Por outro lado, nosso trabalho sugere que o processo de degradação do genoma pode ser uma força inventiva. Em particular, a estrutura do ribossomo de *E. cuniculi* sugere que a perda de fragmentos de rRNA e proteínas no ribossomo da microsporídia cria uma pressão evolutiva que promove mudanças na estrutura do ribossomo. Essas variantes ocorrem longe do sítio ativo do ribossomo e parecem ajudar a manter (ou restaurar) a montagem ideal do ribossomo, que de outra forma seria interrompida pela redução do rRNA. Isso sugere que uma importante inovação do ribossomo da microsporídia parece ter evoluído em resposta à necessidade de amortecer a deriva genética.
Talvez isso seja melhor ilustrado pela ligação de nucleotídeos, que nunca foi observada em outros organismos até o momento. O fato de resíduos de ligação a nucleotídeos estarem presentes em microsporídios típicos, mas não em outros eucariotos, sugere que os sítios de ligação a nucleotídeos não são apenas relíquias à espera de desaparecer, ou o local final para o rRNA ser restaurado à forma de nucleotídeos individuais. Em vez disso, esse sítio parece ser uma característica útil que pode ter evoluído ao longo de várias rodadas de seleção positiva. Os sítios de ligação a nucleotídeos podem ser um subproduto da seleção natural: uma vez que o ES39L é degradado, os microsporídios são forçados a buscar compensação para restaurar a biogênese ribossômica ideal na ausência do ES39L. Como esse nucleotídeo pode mimetizar os contatos moleculares do nucleotídeo A3186 no ES39L, a molécula de nucleotídeo torna-se um bloco de construção do ribossomo, cuja ligação é ainda mais aprimorada pela mutação da sequência eL30.

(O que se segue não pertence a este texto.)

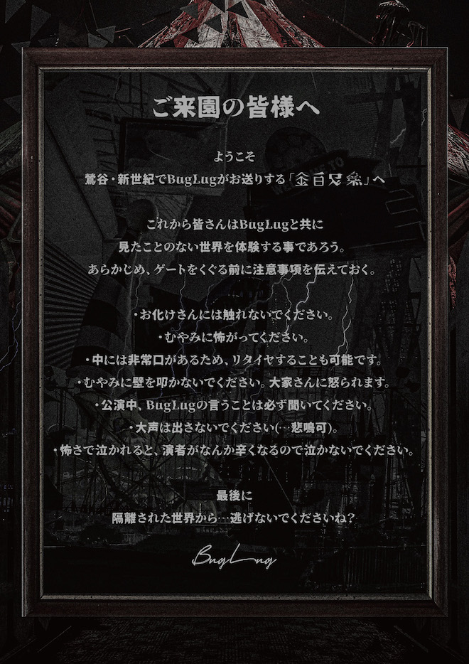 公開されたフライヤーは退廃的なサーカスをイメージさせるデザインとなっている。同時に「ご来演の皆様へ」と題された、まるでテーマパークのアトラクション説明文のような注意書きが公開されており、その文末は「隔離された世界から・・・逃げないで下さいね?」と締められている。

Com relação à evolução molecular de parasitas intracelulares, nosso estudo demonstra que as forças da seleção natural darwiniana e da deriva genética, ou seja, a degradação do genoma, não operam em paralelo, mas oscilam. Primeiramente, a deriva genética elimina características importantes das biomoléculas, tornando a compensação extremamente necessária. Somente quando os parasitas satisfazem essa necessidade por meio da seleção natural darwiniana é que suas macromoléculas têm a chance de desenvolver suas características mais impressionantes e inovadoras. É importante ressaltar que a evolução dos sítios de ligação de nucleotídeos no ribossomo de *E. cuniculi* sugere que esse padrão de perda para ganho na evolução molecular não apenas amortiza mutações deletérias, mas, por vezes, confere funções inteiramente novas às macromoléculas parasitárias.
Essa ideia é consistente com a teoria do equilíbrio móvel de Sewell Wright, que afirma que um sistema rígido de seleção natural limita a capacidade dos organismos de inovar51,52,53. No entanto, se a deriva genética interromper a seleção natural, essas derivações podem produzir mudanças que não são em si adaptativas (ou até mesmo prejudiciais), mas levam a outras mudanças que proporcionam maior aptidão ou nova atividade biológica. Nossa estrutura apoia essa ideia, ilustrando que o mesmo tipo de mutação que reduz o dobramento e a função de uma biomolécula parece ser o principal gatilho para seu aprimoramento. Em consonância com o modelo evolutivo ganha-ganha, nosso estudo mostra que a degradação do genoma, tradicionalmente vista como um processo degenerativo, também é um importante motor de inovação, às vezes e talvez até frequentemente permitindo que macromoléculas adquiram novas atividades parasitárias.